- Shahjahanpur Location in Uttar Pradesh, India
- Coordinates: 27°13′16″N 78°46′46″E﻿ / ﻿27.22106°N 78.7794°E
- Country: India
- State: Uttar Pradesh
- District: Mainpuri

Area
- • Total: 7.227 km^{2} (2.790 sq mi)

Population (2011)
- • Total: 4,674
- • Density: 646.7/km^{2} (1,675/sq mi)
- Time zone: UTC+5:30 (IST)

= Shahjahanpur, Ghiror =

Village in Uttar Pradesh, India

Shahjahanpur is a village in Ghiror block of Mainpuri district, Uttar Pradesh. As of 2011, it had a population of 4,674, in 763 households.

== Demographics ==
As of 2011, Shahjahanpur had a population of 4,674, in 763 households. This population was 54.2% male (2,532) and 45.8% female (2,142). The 0-6 age group numbered 723 (396 male and 327 female), or 15.5% of the total population. 315 residents were members of Scheduled Castes, or 6.7% of the total.

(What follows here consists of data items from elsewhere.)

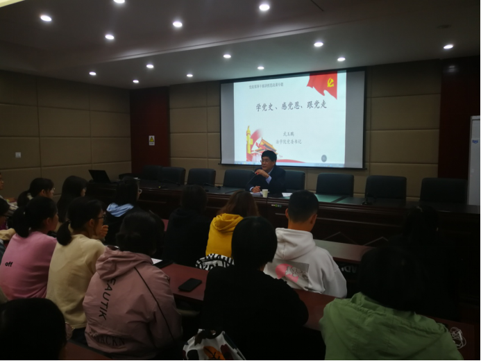 10月14日上午,为引导大学生深刻学习理解党的光荣传统、宝贵经验和伟大成就,了解历史事实、理清历史脉络,把握历史规律,深化抗疫认识,坚定理想信念,太阳成集团tyc234cc党委书记武玉鹏在太阳成集团tyc234cc报告厅为我院2020级本科生、研究生80余人讲授了“学党史 感党恩 跟党走”专题思政课。
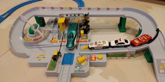まだ、欲しい物を明確に言えないので、プレゼント何にしようか、迷いましたが、踏み切り大好き、プラレールとトミカどちらでも遊べる画期的なこちらのおもちゃに
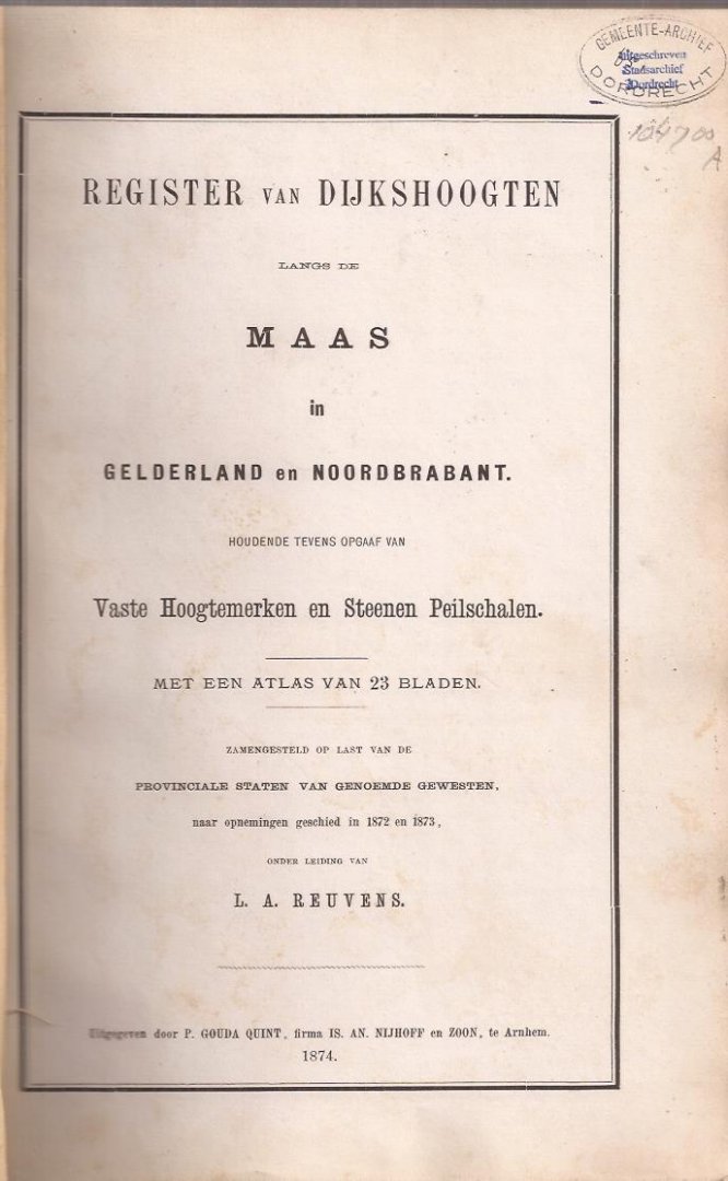 Hierbij: Reuvens, L.A. - Graphische voorstelling van de Waterkeerings-hoogte der Maasdijken van de Geldersche en Noordbrabantsche Polderdistricten en Polders, volgens de uitkomsten der opnemingen van 1872 en 1873, vervat in het daarvan in 1874 uitgegeven Register. Zamengesteld ingevolge besluiten van de Collegien van Gedeputeerde Staten van Gelderland en Noordbrabant. Arnhem, P. Gouda Quint / firma Is. An. Nijhoff en Zoon, 1877. Kl. folio, leporello( 26 bladen) Ex Bibl. Gem. Archief Dordecht Auteur: Louis Abraham Reuvens (1824-1897) Staat: Gebruikssporen Gelderland, noord brabant , maas , waterstaat , dijken , waterhuishouding |
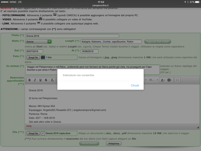 Sto tentando di pubblicare il diario di bordo della Grecia, ma arrivato alla fine mi appare invariabilmente la scritta Estensione non consentita ed nostre elimina le immagini. Se si riferisce al formato del documento, èun docx, così come richiede là macro di invio, se si riferisce al peso del documento, rientra bene nei 15 M consentiti. Anche lo scorso anno con quello della Sicilia ho avuto gli stessi problemi e poi non avendo più tempo, ho lasciato perdere. Qualcuno sa aiutarmi ? anche in considerazione che lo sforzo di farlo, meriterebbe una sua conclusione...... Angelo
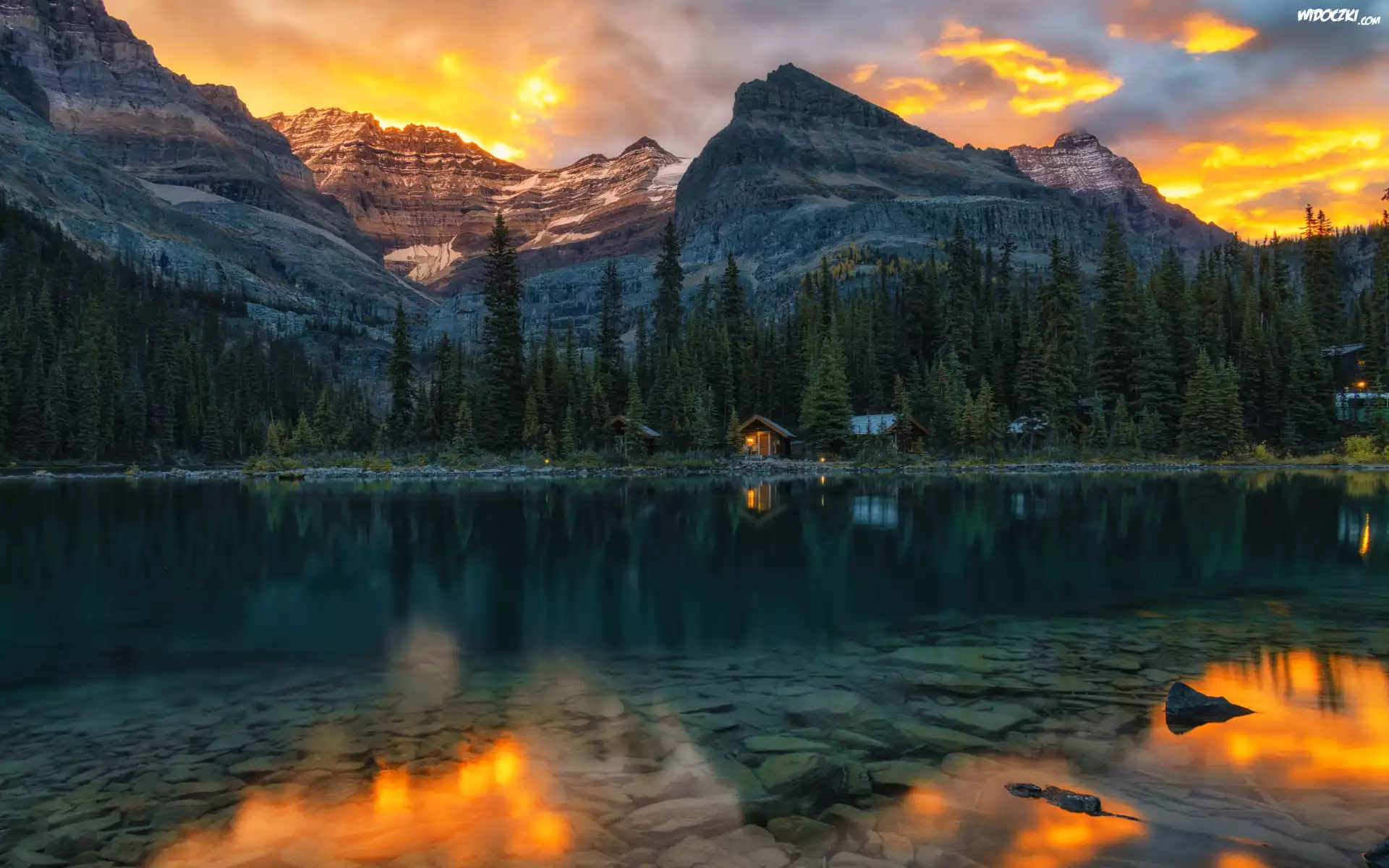 Góry, Canadian Rocky Mountains, Jezioro, Lake OHara, Park Narodowy Yoho, Domy, Las, Drzewa, Niebo, Chmury, Odbicie, Zachód Słońca, Alberta, Kanada |
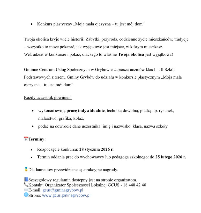 Konkurs plastyczny „Moja mała ojczyzna – tu jest mój dom”
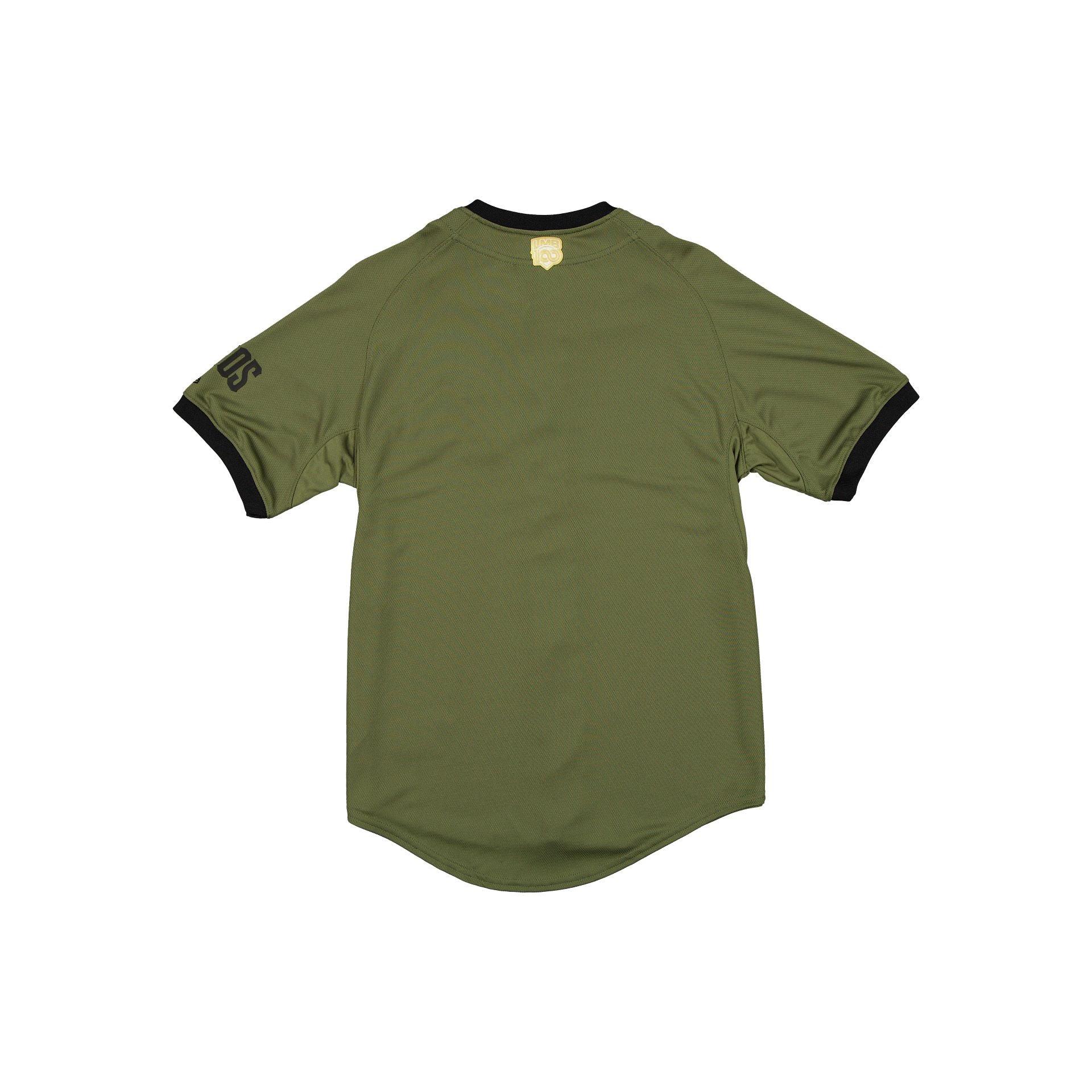 The Toros de Tijuana LMB 100th Anniversary Green Alt Jersey features an embroidered Toros logo at the left chest with a New Era Official Merchandise patch at the front hemline, a team wordmark at the left sleeve, and a LMB 100th Anniversary logo at the rear. Fabric: 100% Polyester

The 1981 census recorded Shahjahanpur as having a population of 2,807 people, in 462 households.

The 1961 census recorded Shahjahanpur as comprising 4 hamlets, with a total population of 1,903 people (1,037 male and 866 female), in 478 households and 374 physical houses. The area of the village was given as 1,364 acres.

== Infrastructure ==
As of 2011, Shahjahanpur had 1 primary school and 1 primary health centre. Drinking water was provided by hand pump and tube well/borehole; there were no public toilets. The village did not have a post office or public library; there was at least some access to electricity for all purposes. Streets were made of both kachcha and pakka materials.